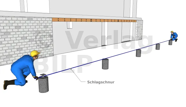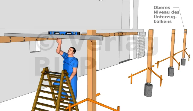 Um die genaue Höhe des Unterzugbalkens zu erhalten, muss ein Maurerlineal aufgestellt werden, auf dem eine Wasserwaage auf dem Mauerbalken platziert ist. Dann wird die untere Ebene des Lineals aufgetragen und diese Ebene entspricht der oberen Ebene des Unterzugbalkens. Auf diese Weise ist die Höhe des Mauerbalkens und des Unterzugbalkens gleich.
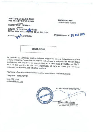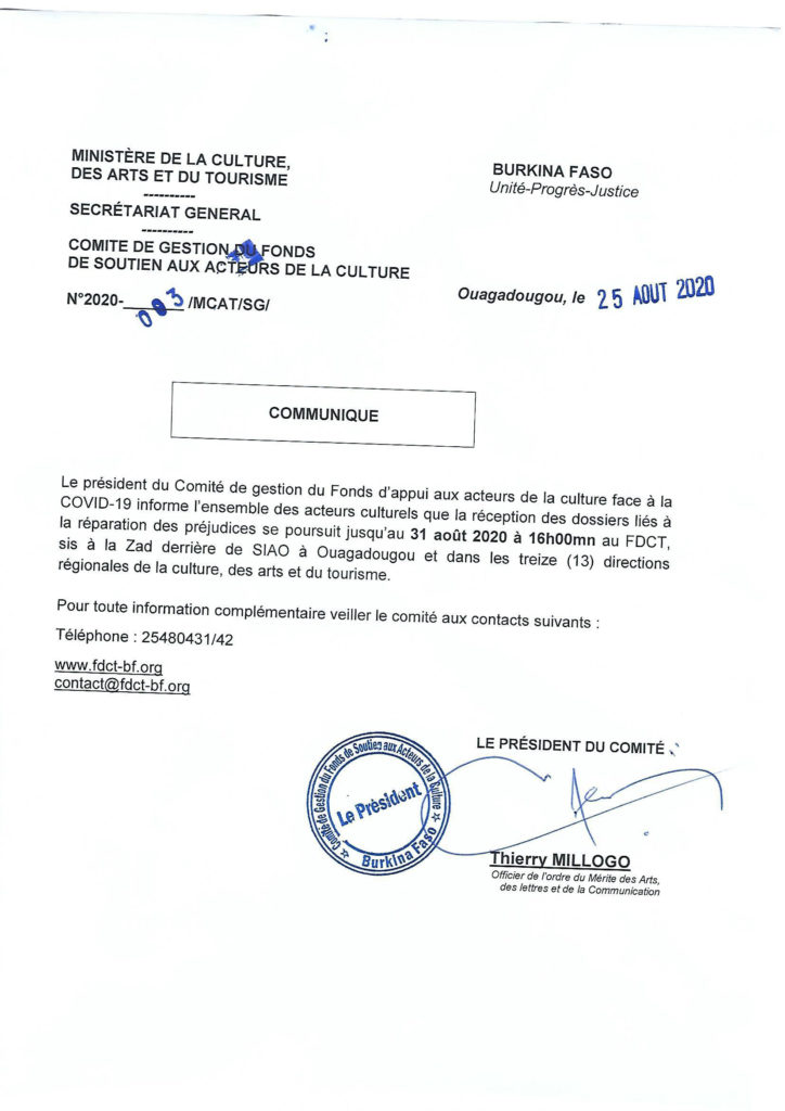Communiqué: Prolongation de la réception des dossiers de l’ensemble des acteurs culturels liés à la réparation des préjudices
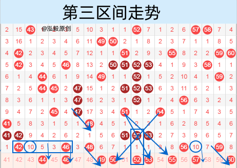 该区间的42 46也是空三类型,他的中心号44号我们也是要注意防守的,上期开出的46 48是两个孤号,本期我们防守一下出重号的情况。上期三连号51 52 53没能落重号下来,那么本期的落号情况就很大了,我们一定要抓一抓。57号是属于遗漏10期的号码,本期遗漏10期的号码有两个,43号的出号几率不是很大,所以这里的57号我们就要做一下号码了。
----
**WHAT IS NEEDED:** Make a word-for-word repeat of the material, skipping all pictures.

**WRITTEN RESPONSE:**
 Um die genaue Höhe des Unterzugbalkens zu erhalten, muss ein Maurerlineal aufgestellt werden, auf dem eine Wasserwaage auf dem Mauerbalken platziert ist. Dann wird die untere Ebene des Lineals aufgetragen und diese Ebene entspricht der oberen Ebene des Unterzugbalkens. Auf diese Weise ist die Höhe des Mauerbalkens und des Unterzugbalkens gleich.
Communiqué: Prolongation de la réception des dossiers de l’ensemble des acteurs culturels liés à la réparation des préjudices
 该区间的42 46也是空三类型,他的中心号44号我们也是要注意防守的,上期开出的46 48是两个孤号,本期我们防守一下出重号的情况。上期三连号51 52 53没能落重号下来,那么本期的落号情况就很大了,我们一定要抓一抓。57号是属于遗漏10期的号码,本期遗漏10期的号码有两个,43号的出号几率不是很大,所以这里的57号我们就要做一下号码了。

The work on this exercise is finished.